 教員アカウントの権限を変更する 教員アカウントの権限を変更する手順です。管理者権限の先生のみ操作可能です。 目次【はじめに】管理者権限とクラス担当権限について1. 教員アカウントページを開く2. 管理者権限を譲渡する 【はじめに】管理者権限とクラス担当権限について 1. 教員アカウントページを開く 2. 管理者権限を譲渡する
--
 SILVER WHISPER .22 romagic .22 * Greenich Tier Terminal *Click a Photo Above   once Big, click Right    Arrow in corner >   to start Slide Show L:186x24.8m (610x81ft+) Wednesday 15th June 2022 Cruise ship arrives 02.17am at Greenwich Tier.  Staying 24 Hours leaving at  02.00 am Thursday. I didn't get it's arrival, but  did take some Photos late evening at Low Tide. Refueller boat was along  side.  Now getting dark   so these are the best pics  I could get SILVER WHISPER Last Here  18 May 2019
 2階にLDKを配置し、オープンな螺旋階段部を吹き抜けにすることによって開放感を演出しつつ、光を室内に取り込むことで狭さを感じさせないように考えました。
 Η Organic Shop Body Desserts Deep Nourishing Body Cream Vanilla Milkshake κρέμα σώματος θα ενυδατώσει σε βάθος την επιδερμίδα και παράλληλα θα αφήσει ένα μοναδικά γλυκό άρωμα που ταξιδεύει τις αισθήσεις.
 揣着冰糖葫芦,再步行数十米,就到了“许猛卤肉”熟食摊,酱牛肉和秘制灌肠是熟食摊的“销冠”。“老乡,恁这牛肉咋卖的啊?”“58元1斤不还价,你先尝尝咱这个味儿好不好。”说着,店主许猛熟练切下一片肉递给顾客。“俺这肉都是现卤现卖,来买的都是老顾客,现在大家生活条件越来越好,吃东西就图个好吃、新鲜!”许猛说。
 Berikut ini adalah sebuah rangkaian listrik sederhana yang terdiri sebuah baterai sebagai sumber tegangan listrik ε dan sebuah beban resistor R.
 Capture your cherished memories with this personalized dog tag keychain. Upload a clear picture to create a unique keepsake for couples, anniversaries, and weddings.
==
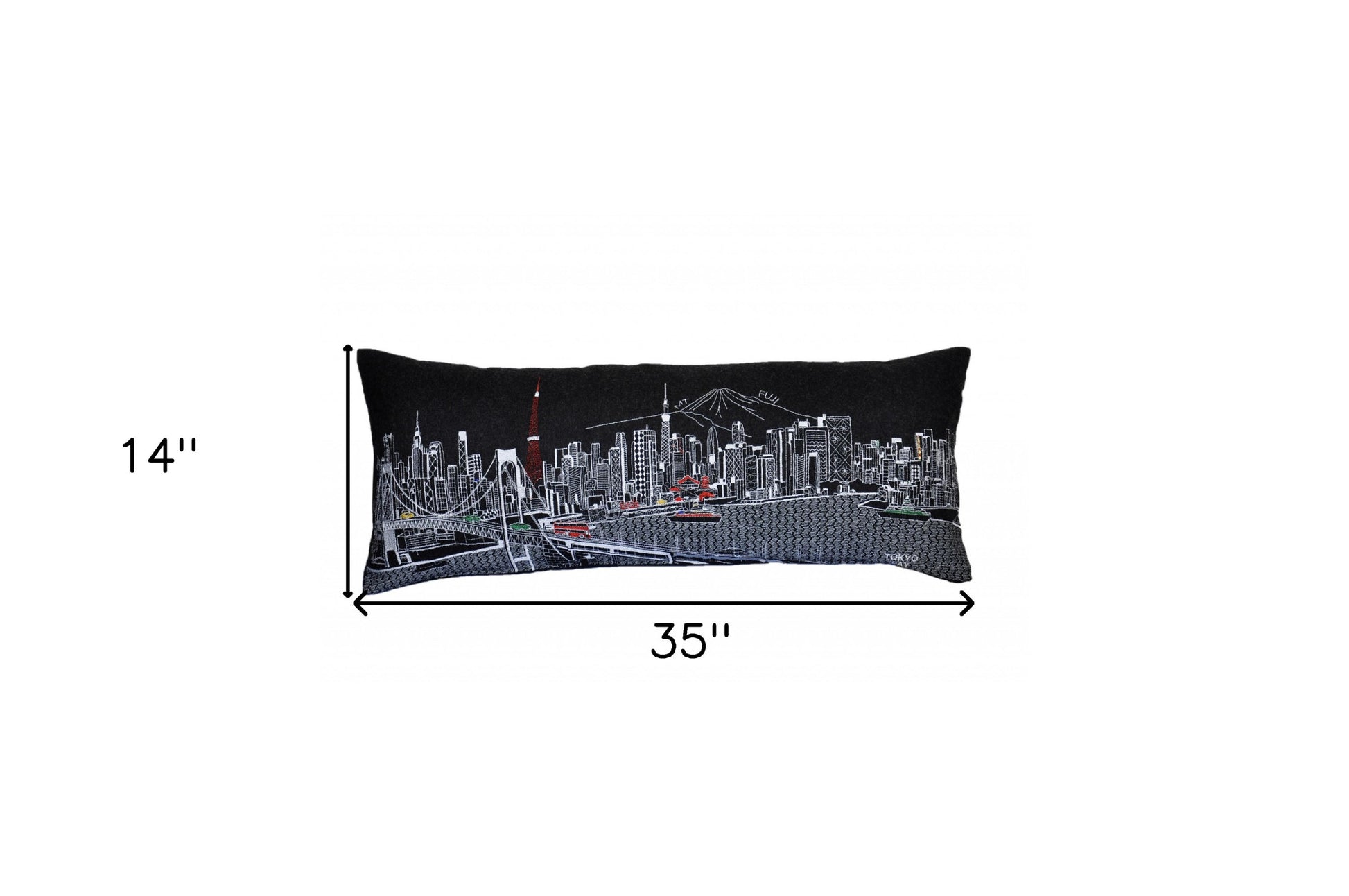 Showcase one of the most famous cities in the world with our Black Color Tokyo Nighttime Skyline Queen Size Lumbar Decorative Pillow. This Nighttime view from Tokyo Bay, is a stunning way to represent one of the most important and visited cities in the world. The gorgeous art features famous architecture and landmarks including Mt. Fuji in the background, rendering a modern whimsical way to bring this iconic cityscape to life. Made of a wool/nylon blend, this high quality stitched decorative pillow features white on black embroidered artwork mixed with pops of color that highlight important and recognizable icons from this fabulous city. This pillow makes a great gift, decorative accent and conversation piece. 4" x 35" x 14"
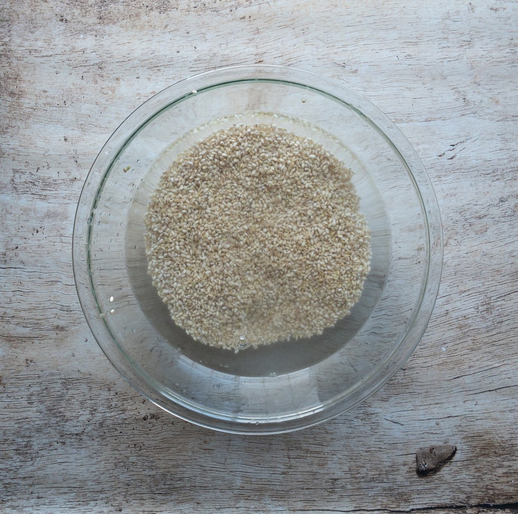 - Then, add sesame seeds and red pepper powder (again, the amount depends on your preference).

What you should do:
All that is wanted is the stretch of lines above from the one containing "Η Organic Shop" through the one containing "Capture your cherished", duplicated exactly.

Task answer:
 Η Organic Shop Body Desserts Deep Nourishing Body Cream Vanilla Milkshake κρέμα σώματος θα ενυδατώσει σε βάθος την επιδερμίδα και παράλληλα θα αφήσει ένα μοναδικά γλυκό άρωμα που ταξιδεύει τις αισθήσεις.
 揣着冰糖葫芦,再步行数十米,就到了“许猛卤肉”熟食摊,酱牛肉和秘制灌肠是熟食摊的“销冠”。“老乡,恁这牛肉咋卖的啊?”“58元1斤不还价,你先尝尝咱这个味儿好不好。”说着,店主许猛熟练切下一片肉递给顾客。“俺这肉都是现卤现卖,来买的都是老顾客,现在大家生活条件越来越好,吃东西就图个好吃、新鲜!”许猛说。
 Berikut ini adalah sebuah rangkaian listrik sederhana yang terdiri sebuah baterai sebagai sumber tegangan listrik ε dan sebuah beban resistor R.
 Capture your cherished memories with this personalized dog tag keychain. Upload a clear picture to create a unique keepsake for couples, anniversaries, and weddings.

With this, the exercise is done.